▶ DATA PROVIDED:

+---+

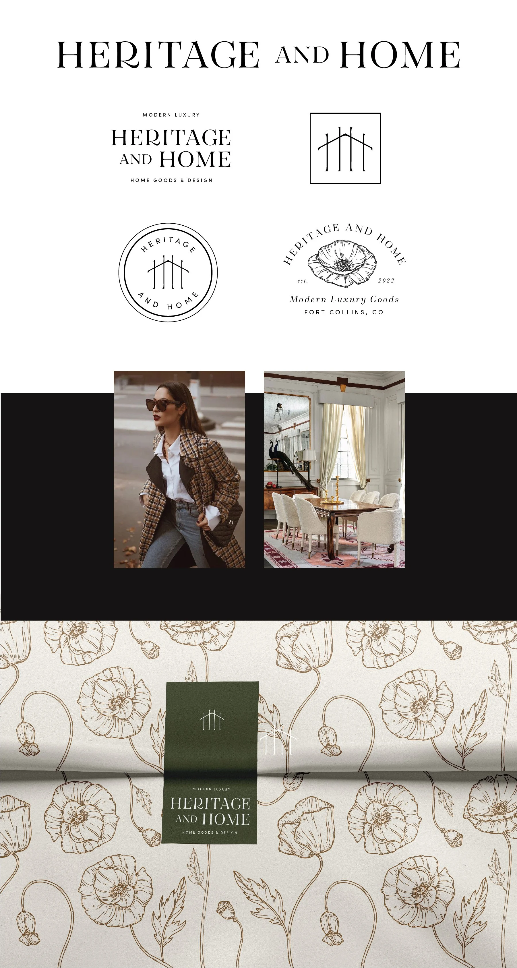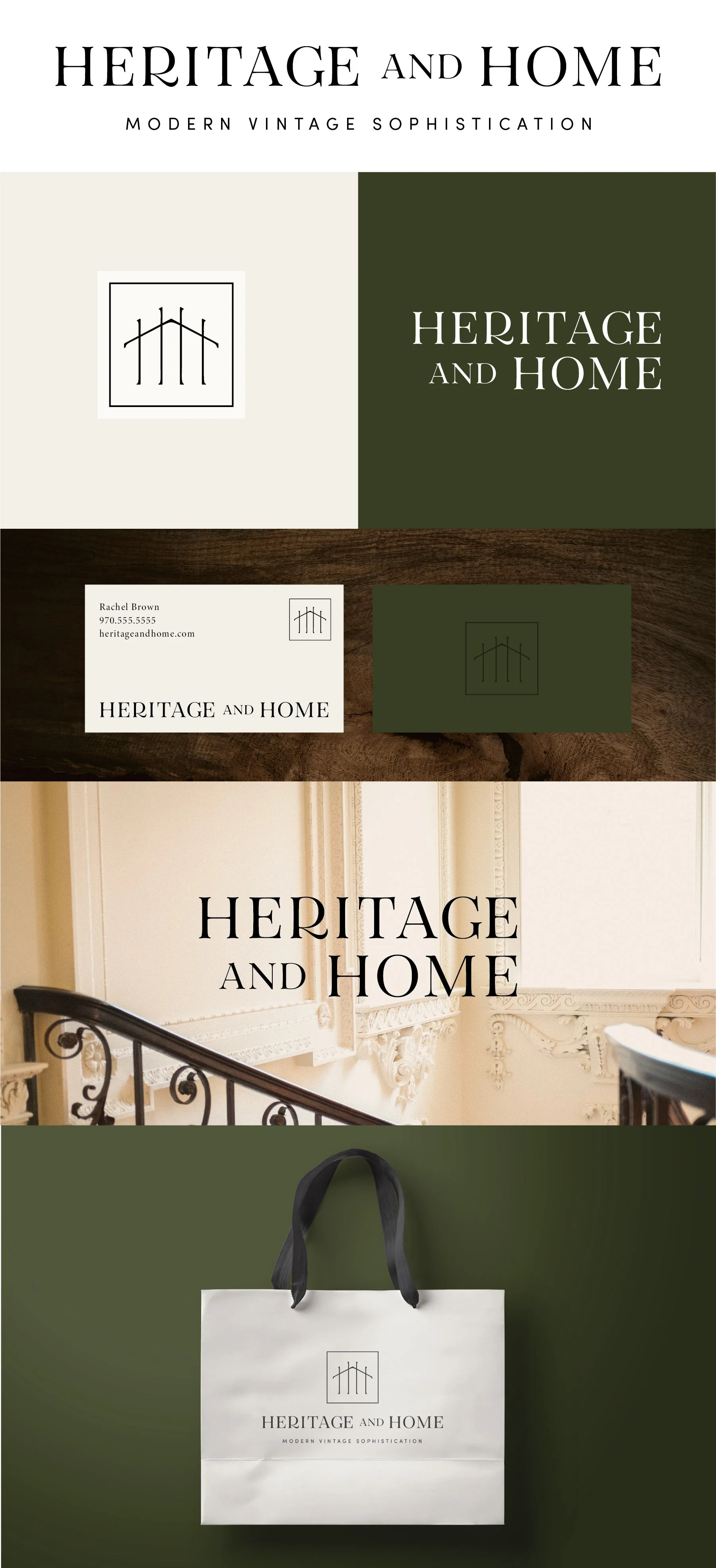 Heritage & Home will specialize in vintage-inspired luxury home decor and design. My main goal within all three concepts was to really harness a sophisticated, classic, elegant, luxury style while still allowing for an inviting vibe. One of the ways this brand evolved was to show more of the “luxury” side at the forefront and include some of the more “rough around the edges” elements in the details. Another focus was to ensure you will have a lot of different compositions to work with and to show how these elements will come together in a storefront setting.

+---+

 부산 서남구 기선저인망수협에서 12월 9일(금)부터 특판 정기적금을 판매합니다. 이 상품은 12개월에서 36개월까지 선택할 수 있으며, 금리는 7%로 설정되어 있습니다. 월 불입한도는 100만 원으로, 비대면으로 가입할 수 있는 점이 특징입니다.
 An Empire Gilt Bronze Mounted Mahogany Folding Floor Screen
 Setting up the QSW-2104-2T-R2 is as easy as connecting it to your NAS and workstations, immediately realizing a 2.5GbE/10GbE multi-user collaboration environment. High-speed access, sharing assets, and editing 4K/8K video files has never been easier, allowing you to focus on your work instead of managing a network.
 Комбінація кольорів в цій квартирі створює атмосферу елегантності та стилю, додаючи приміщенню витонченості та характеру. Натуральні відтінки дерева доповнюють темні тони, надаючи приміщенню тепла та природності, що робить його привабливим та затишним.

+---+

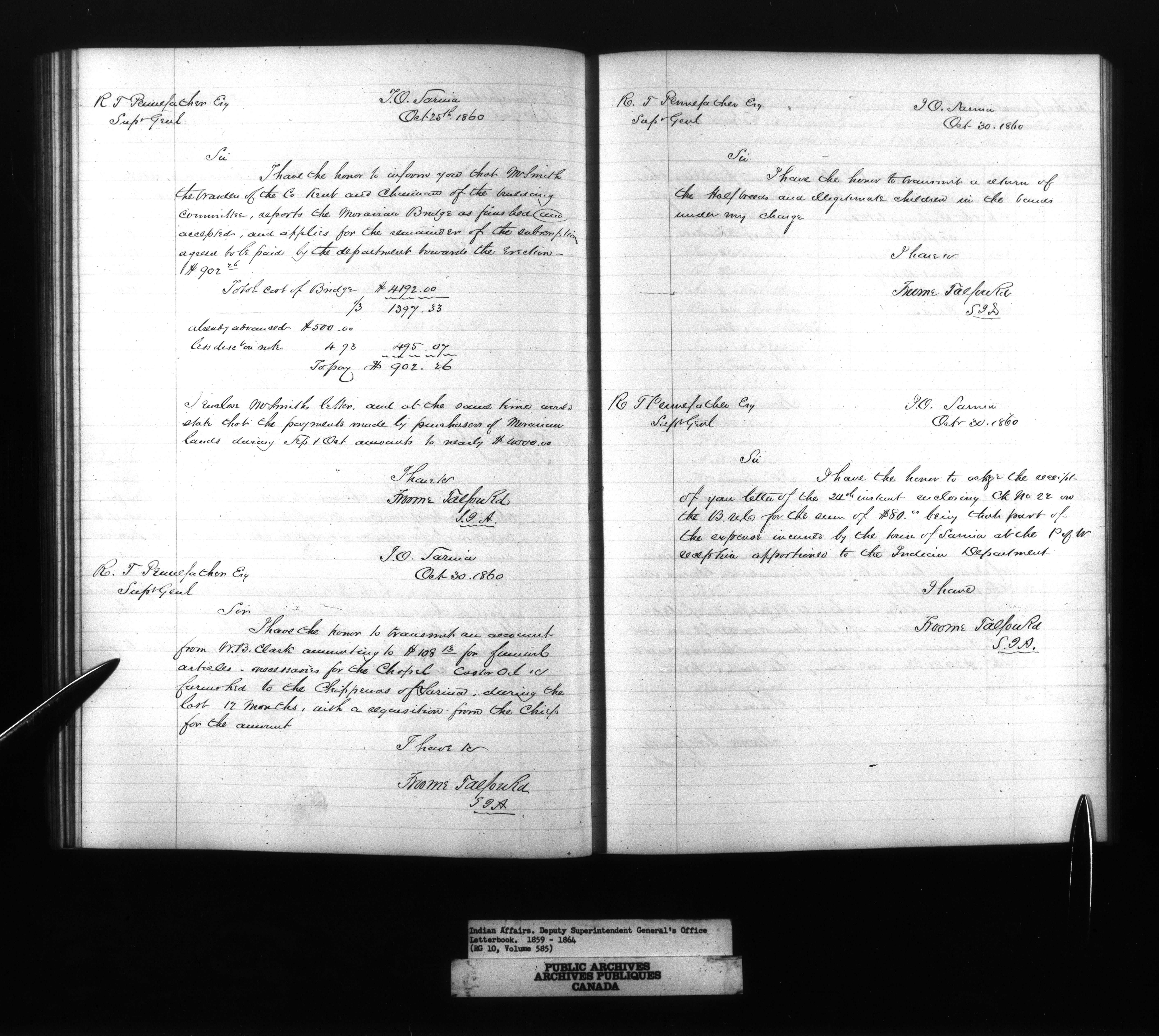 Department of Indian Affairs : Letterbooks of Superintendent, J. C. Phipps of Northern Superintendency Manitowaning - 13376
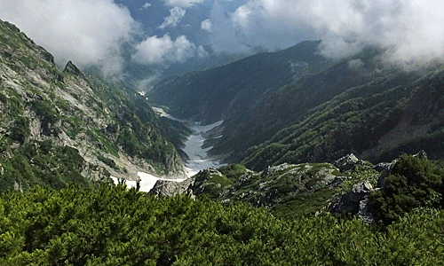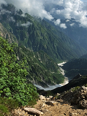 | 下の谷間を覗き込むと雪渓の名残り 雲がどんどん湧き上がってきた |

+---+

▶ DIRECTIONS:
In the listing above, find the line containing "An Empire Gilt" and the line containing "Комбінація кольорів в", then retype both and every line between them exactly, with nothing else.

▶ REPLY:
 An Empire Gilt Bronze Mounted Mahogany Folding Floor Screen
 Setting up the QSW-2104-2T-R2 is as easy as connecting it to your NAS and workstations, immediately realizing a 2.5GbE/10GbE multi-user collaboration environment. High-speed access, sharing assets, and editing 4K/8K video files has never been easier, allowing you to focus on your work instead of managing a network.
 Комбінація кольорів в цій квартирі створює атмосферу елегантності та стилю, додаючи приміщенню витонченості та характеру. Натуральні відтінки дерева доповнюють темні тони, надаючи приміщенню тепла та природності, що робить його привабливим та затишним.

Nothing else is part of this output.